▶ _TASK DESCRIPTION_: Pictures must not appear in the copy. Restate exactly the lines below from the one with "Por la mañana, las" through the one with "crevais de soif. |", inclusive.

▶ _MATERIAL PROVIDED_:
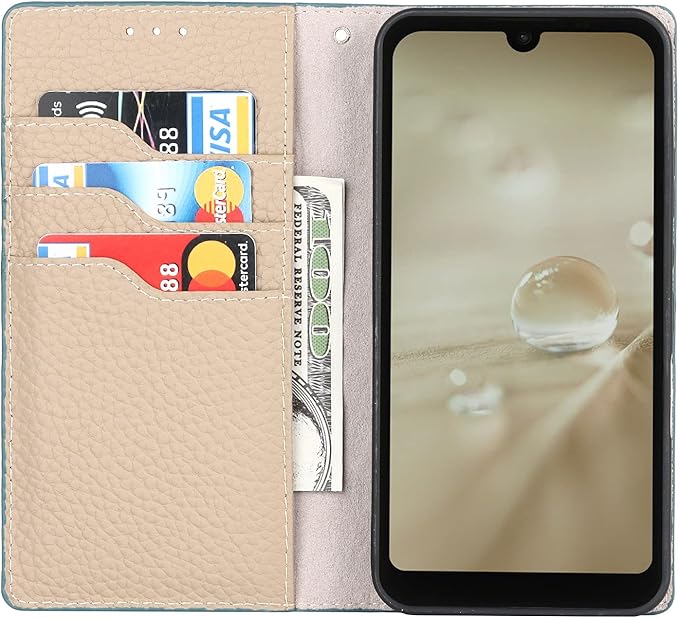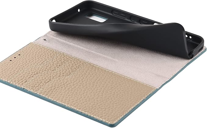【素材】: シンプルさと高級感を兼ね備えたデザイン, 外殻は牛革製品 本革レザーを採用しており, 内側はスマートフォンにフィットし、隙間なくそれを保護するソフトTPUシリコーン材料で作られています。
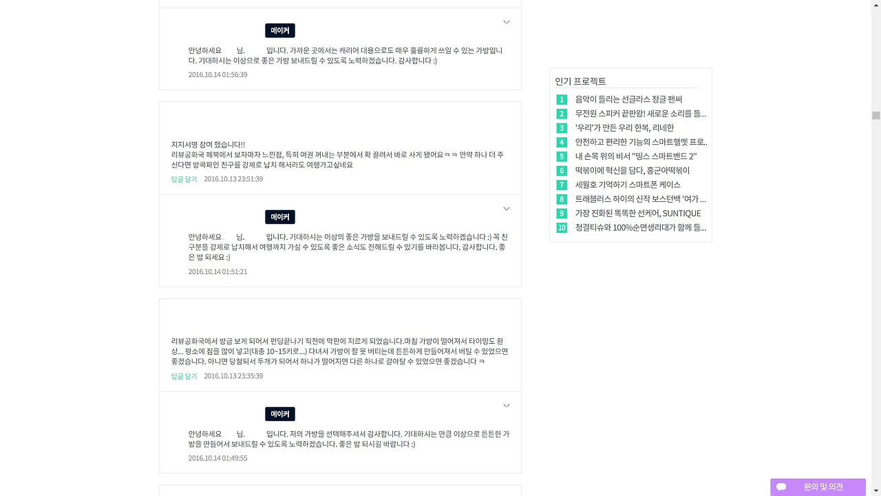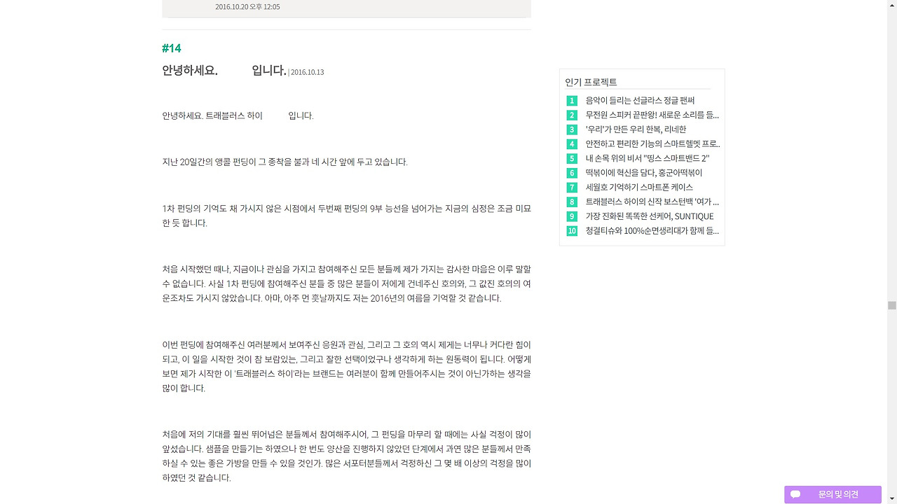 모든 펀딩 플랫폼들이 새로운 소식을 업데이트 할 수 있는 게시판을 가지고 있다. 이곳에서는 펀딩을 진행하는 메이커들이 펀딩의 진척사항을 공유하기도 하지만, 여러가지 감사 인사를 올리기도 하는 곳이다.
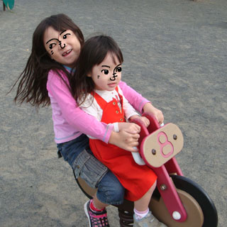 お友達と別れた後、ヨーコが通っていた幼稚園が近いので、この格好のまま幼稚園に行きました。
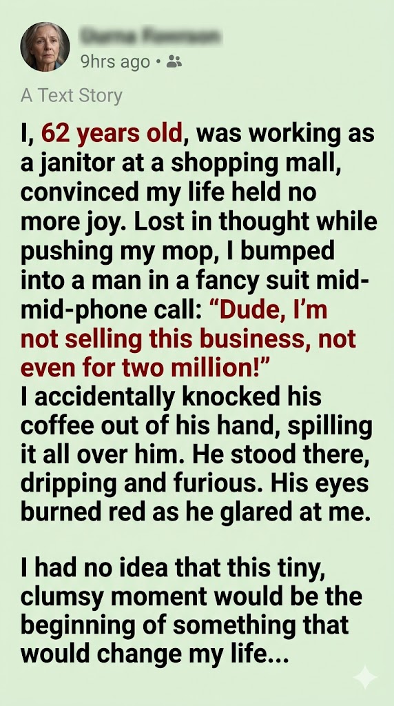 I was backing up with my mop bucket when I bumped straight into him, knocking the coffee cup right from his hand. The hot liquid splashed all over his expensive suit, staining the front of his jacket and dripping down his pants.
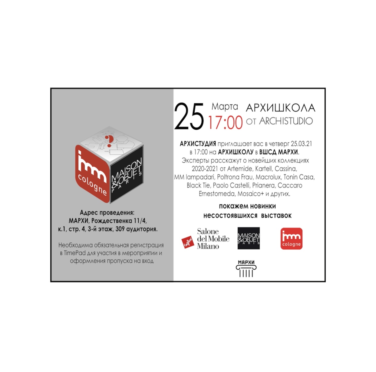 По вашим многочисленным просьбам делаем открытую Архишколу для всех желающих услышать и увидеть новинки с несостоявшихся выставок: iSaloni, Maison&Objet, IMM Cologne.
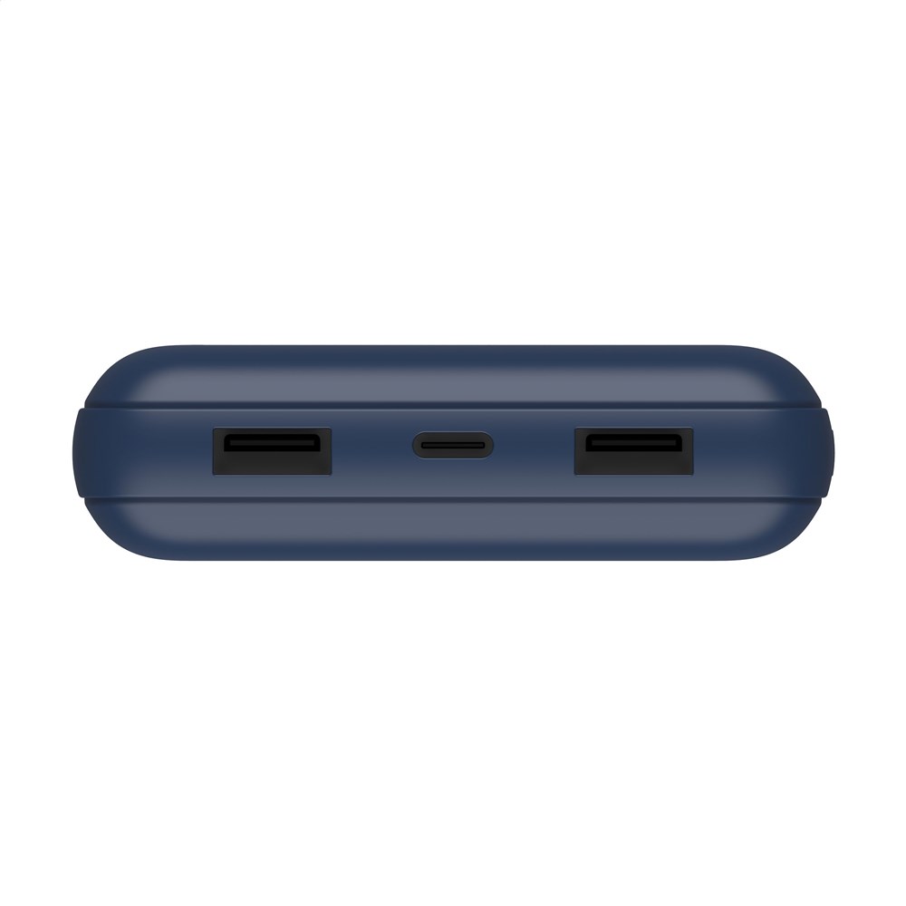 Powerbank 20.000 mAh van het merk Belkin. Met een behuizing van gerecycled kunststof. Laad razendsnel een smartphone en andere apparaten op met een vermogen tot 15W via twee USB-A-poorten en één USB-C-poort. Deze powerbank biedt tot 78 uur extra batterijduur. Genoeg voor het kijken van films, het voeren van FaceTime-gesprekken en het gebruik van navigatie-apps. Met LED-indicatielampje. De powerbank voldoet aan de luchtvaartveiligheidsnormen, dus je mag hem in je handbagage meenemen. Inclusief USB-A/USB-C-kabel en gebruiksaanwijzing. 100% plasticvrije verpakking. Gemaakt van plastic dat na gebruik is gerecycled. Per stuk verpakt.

==

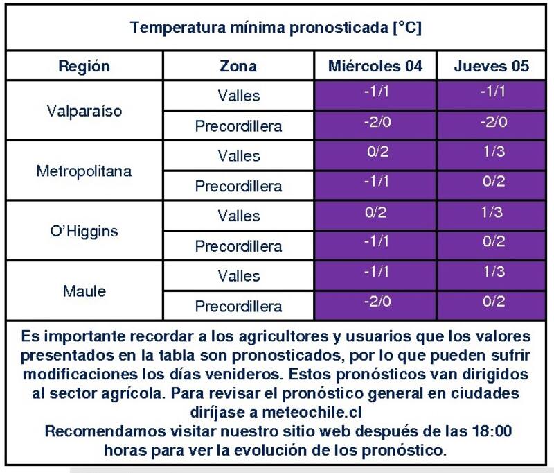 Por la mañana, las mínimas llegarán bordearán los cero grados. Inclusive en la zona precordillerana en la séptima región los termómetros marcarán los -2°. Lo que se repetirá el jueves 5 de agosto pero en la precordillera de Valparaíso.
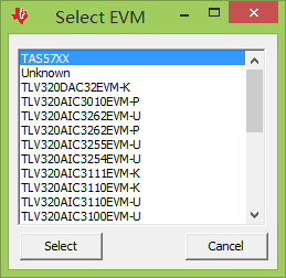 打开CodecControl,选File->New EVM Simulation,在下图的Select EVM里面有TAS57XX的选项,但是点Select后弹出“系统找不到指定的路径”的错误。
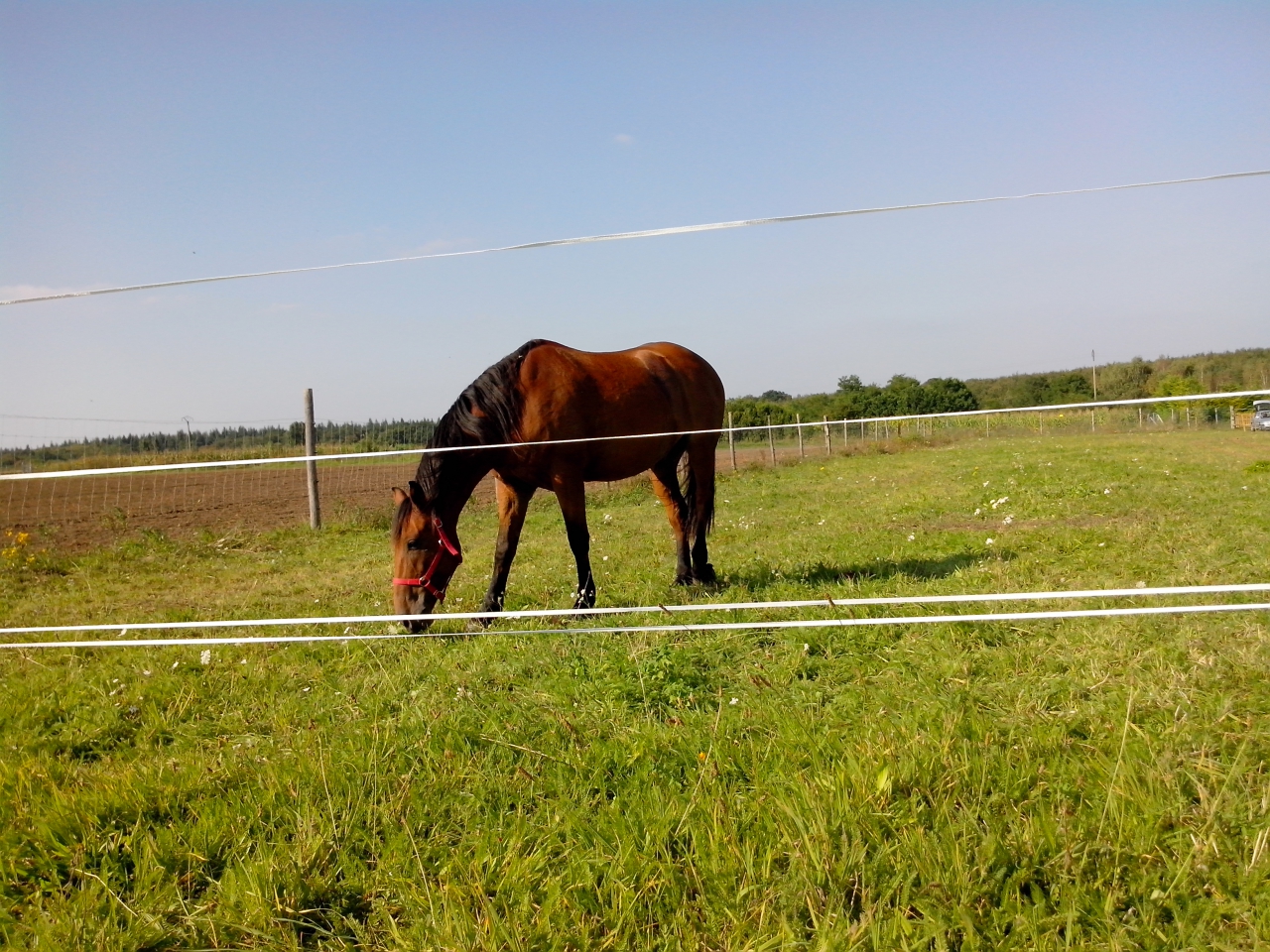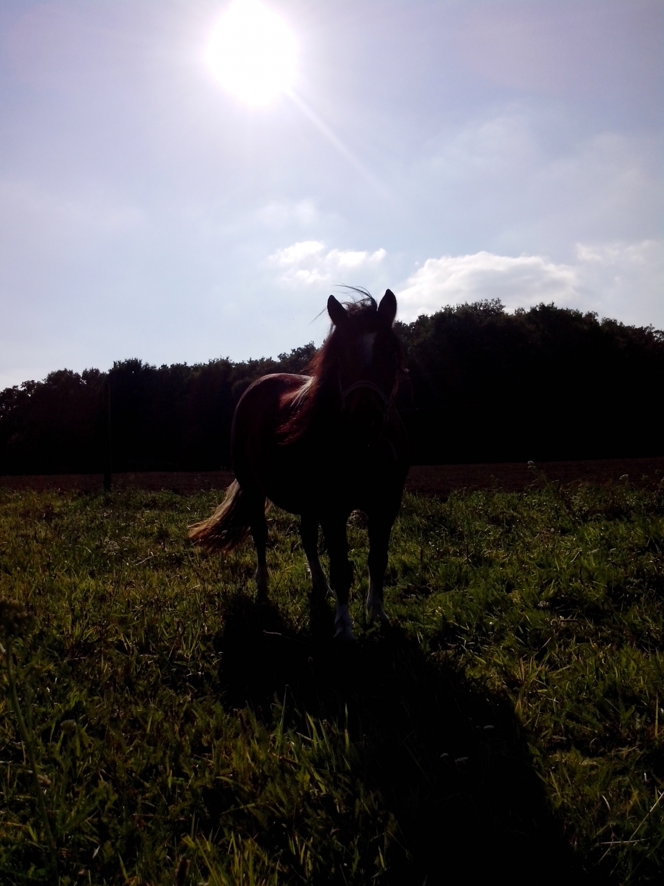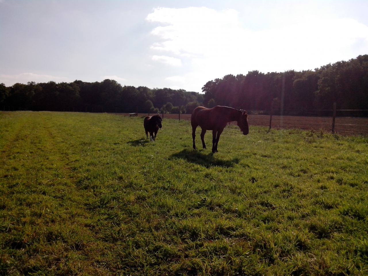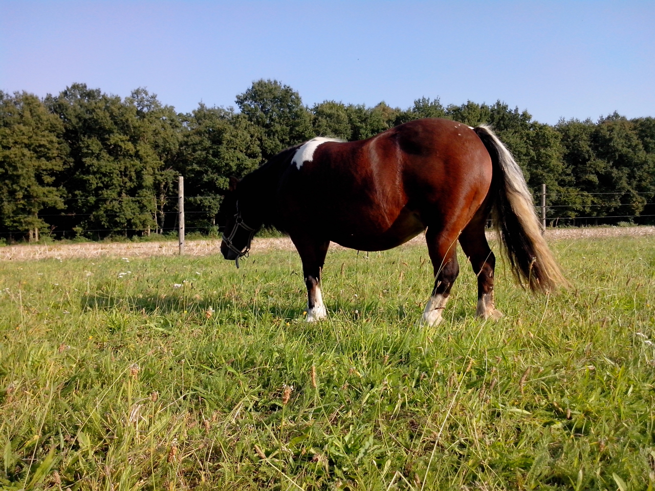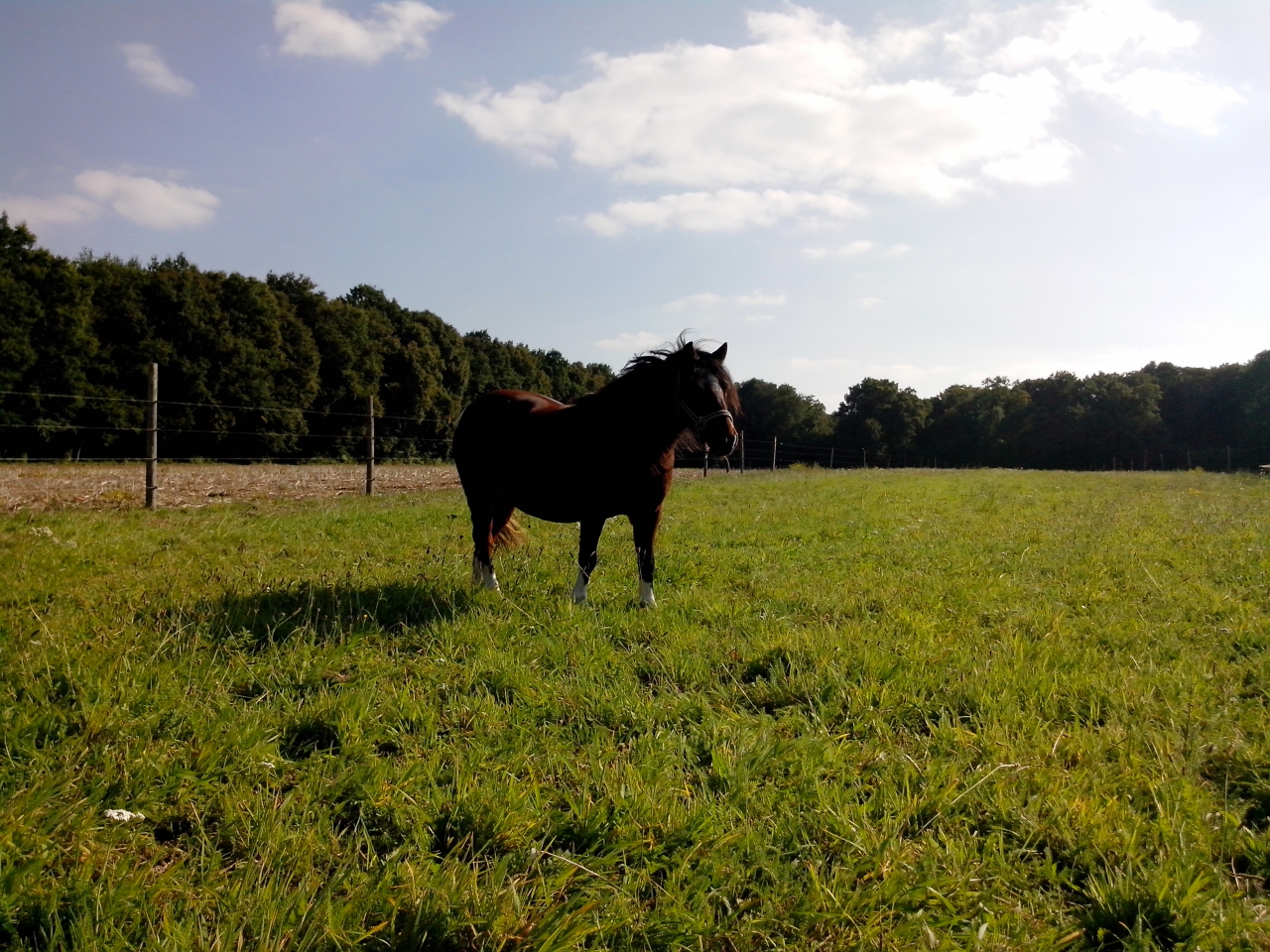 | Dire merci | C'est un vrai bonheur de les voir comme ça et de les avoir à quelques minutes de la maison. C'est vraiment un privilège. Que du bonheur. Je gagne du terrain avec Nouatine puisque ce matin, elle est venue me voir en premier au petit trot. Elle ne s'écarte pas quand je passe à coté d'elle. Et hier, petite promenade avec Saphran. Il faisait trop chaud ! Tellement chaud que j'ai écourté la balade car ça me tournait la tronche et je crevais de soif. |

--

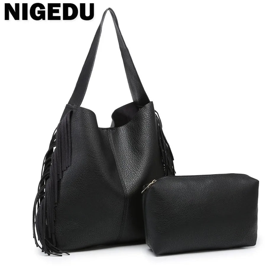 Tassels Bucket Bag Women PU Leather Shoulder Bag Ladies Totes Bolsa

▶ _SOLVED PROBLEM_:
 Por la mañana, las mínimas llegarán bordearán los cero grados. Inclusive en la zona precordillerana en la séptima región los termómetros marcarán los -2°. Lo que se repetirá el jueves 5 de agosto pero en la precordillera de Valparaíso.
 打开CodecControl,选File->New EVM Simulation,在下图的Select EVM里面有TAS57XX的选项,但是点Select后弹出“系统找不到指定的路径”的错误。
 | Dire merci | C'est un vrai bonheur de les voir comme ça et de les avoir à quelques minutes de la maison. C'est vraiment un privilège. Que du bonheur. Je gagne du terrain avec Nouatine puisque ce matin, elle est venue me voir en premier au petit trot. Elle ne s'écarte pas quand je passe à coté d'elle. Et hier, petite promenade avec Saphran. Il faisait trop chaud ! Tellement chaud que j'ai écourté la balade car ça me tournait la tronche et je crevais de soif. |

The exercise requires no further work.